Feeling disconnected, but it’s all on perspective (Part 1)

It’s all about perspective. I’m currently riding in the bus to my church and I am sitting alone. When I entered the bus, there weren’t many people yet or people I usually associate with. Then a friend from my small group entered the bus and I said hi and asked to sit next to me. But she seemed to walk toward someone else that she may be closer with or spend more time with. Then I felt a little discouraged or “down” because I felt ignored or not wanted. But I let that go and just tried to brush it off. I feel like my heart just gets more damage every time I try to interact or generally be involved with any communities because … I get ignored, or I don’t know the people as well, I feel really disconnected.
Then when the bus went to the second location for pick up, I saw a friend I’m pretty close with and asked her to sit with me.
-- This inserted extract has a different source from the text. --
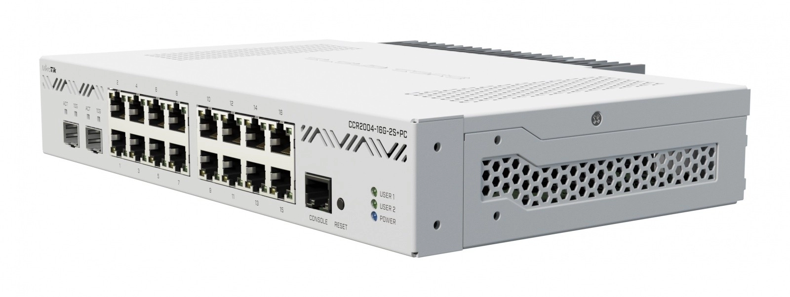 MikroTik CCR2004-16G-2S+PC to profesjonalny Cloud Core Router zaprojektowany do stabilnego i szybkiego routingu w sieciach firmowych, centrach danych oraz u dostawców usług. Posiada 16× 1GbE i 2× 10 Gb/s SFP+ dla elastycznych uplinków, a nowoczesny 64-bitowy procesor ARM i RouterOS zapewniają wysoką wydajność dla zaawansowanego routingu, firewalli, VPN i QoS.

But she was with another friend that she’s been recently getting closer with and said she’ll sit in the back/ behind me with her. Instantly, I felt as if I was unwanted or disconnected and isolated from everyone/a lot of people at this church. That’s why some times, I just feel like I don’t really want to be involved or attend as many events because I don’t want to feel like this again. I guess I’m “afraid” of getting hurt and feeling isolated/disconnected again, and feeling apart from this community.
As much as I want to be involved and love these people as want to get to know them more, it’s really hard. Especially for someone suffering from mental disorders like anxiety, depression, and an eating disorder.
I’m trying, but gradually I feel as if people are pushing me away or replacing me. I don’t feel as connected anymore, and I feel like I’m getting distant from the members at my church. Sad.
But this could all just be perspective. But I’m definitely trying.